_Provided records_
--------------------
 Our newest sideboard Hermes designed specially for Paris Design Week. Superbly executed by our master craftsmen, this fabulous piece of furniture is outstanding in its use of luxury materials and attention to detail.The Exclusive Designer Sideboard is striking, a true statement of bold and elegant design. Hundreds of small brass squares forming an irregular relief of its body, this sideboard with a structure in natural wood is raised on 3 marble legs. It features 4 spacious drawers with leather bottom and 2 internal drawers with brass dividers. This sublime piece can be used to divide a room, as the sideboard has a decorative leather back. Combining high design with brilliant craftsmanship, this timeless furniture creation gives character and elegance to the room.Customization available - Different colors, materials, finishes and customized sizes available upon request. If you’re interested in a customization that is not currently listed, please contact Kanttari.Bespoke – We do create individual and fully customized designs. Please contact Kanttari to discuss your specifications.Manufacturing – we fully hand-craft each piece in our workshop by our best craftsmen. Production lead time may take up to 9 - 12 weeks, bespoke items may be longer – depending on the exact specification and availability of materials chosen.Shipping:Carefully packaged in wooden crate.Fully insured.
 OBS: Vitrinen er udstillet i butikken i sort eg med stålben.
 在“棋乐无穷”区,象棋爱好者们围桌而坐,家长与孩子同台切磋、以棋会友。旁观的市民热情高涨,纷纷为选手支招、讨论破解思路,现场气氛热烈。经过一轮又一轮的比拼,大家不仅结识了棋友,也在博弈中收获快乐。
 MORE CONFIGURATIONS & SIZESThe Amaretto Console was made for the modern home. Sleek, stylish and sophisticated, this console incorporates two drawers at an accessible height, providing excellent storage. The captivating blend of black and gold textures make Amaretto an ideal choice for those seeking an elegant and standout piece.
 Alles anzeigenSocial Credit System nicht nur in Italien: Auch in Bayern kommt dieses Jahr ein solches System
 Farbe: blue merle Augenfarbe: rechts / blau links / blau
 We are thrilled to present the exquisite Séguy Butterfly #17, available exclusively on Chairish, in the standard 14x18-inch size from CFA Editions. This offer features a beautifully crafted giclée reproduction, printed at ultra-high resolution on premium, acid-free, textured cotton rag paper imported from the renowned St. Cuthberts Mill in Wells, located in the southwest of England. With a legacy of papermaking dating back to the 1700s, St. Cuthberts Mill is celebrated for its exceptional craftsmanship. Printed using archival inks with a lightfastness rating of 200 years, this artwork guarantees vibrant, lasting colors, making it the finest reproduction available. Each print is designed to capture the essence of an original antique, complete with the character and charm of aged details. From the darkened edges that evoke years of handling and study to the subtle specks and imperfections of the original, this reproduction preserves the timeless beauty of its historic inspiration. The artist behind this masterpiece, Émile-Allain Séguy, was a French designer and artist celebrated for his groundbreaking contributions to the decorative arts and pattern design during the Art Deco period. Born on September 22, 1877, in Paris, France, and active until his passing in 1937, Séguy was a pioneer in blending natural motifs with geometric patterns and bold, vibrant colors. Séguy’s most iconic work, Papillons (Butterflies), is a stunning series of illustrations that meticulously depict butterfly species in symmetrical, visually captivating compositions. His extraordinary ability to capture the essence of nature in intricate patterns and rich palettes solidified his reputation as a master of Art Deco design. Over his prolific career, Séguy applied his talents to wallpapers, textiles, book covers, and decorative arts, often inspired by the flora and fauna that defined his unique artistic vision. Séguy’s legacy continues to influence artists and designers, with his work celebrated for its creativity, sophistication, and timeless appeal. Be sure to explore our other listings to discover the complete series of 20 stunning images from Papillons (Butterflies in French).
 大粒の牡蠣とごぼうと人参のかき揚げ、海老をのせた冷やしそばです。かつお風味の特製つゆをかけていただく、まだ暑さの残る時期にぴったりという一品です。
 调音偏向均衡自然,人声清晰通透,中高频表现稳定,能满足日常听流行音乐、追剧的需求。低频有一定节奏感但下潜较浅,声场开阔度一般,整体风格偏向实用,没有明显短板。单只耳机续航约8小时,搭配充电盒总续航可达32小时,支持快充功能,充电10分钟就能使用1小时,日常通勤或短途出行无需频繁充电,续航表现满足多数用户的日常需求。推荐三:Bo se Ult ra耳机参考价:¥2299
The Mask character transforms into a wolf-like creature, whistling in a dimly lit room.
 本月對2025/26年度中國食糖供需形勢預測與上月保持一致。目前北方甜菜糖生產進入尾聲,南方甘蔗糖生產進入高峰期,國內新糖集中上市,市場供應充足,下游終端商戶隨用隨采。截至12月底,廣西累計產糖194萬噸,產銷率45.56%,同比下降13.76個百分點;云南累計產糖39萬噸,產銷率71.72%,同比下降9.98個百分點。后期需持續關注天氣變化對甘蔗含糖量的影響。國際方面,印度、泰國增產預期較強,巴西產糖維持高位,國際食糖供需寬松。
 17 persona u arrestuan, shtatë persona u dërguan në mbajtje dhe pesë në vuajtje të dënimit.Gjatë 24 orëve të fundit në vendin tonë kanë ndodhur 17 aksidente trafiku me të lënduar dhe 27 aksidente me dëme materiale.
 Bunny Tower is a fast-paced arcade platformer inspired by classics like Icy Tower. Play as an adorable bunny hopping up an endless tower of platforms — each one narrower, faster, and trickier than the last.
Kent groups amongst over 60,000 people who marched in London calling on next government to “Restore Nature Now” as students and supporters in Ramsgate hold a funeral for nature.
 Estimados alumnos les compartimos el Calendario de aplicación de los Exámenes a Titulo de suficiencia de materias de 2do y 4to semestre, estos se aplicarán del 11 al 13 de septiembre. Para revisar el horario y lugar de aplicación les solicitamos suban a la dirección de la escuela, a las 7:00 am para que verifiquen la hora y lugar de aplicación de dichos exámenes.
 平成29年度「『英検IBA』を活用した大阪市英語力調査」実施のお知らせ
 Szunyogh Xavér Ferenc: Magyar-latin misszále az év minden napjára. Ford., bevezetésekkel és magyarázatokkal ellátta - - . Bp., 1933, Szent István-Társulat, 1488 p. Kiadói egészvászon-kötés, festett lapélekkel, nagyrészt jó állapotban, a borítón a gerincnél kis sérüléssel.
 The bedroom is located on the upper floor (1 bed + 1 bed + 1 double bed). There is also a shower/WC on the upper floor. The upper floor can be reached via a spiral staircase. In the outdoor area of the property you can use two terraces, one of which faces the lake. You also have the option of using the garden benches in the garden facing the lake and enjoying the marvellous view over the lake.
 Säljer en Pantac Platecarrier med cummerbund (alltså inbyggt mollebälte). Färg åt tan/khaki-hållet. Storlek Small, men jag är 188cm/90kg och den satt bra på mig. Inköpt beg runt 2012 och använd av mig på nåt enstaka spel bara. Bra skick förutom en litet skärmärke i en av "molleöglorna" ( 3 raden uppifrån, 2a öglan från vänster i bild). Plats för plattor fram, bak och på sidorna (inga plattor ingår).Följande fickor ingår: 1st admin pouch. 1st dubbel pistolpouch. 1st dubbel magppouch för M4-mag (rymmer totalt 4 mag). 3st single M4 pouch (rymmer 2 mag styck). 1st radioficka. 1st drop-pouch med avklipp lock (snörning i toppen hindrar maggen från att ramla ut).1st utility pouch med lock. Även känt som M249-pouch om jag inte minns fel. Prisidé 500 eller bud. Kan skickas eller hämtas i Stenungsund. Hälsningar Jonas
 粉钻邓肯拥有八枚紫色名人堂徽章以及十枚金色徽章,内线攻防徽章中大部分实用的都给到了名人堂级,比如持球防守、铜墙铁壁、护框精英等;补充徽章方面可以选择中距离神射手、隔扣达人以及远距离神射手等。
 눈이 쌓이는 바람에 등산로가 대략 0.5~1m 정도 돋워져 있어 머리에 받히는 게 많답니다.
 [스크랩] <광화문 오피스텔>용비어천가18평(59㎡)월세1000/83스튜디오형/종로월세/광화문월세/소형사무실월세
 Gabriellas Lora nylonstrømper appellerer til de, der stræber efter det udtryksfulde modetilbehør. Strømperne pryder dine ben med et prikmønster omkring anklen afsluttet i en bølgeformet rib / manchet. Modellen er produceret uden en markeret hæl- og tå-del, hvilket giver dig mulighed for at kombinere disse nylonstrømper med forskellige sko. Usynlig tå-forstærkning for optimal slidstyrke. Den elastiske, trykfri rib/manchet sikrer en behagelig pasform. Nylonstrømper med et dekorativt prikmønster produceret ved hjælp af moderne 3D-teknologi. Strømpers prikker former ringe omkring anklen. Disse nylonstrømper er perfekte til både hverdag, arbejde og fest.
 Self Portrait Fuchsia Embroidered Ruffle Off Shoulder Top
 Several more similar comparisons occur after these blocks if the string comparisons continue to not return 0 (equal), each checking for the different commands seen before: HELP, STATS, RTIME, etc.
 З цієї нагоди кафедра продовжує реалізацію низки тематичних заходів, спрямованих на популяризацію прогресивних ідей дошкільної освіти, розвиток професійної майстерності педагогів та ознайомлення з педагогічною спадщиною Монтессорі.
--------------------
_Activity_
Return, unchanged, the run of lines above that opens with the line containing "OBS: Vitrinen er" and closes with the line containing "Farbe: blue merle". Include both.

_Solution to this problem_
 OBS: Vitrinen er udstillet i butikken i sort eg med stålben.
 在“棋乐无穷”区,象棋爱好者们围桌而坐,家长与孩子同台切磋、以棋会友。旁观的市民热情高涨,纷纷为选手支招、讨论破解思路,现场气氛热烈。经过一轮又一轮的比拼,大家不仅结识了棋友,也在博弈中收获快乐。
 MORE CONFIGURATIONS & SIZESThe Amaretto Console was made for the modern home. Sleek, stylish and sophisticated, this console incorporates two drawers at an accessible height, providing excellent storage. The captivating blend of black and gold textures make Amaretto an ideal choice for those seeking an elegant and standout piece.
 Alles anzeigenSocial Credit System nicht nur in Italien: Auch in Bayern kommt dieses Jahr ein solches System
 Farbe: blue merle Augenfarbe: rechts / blau links / blau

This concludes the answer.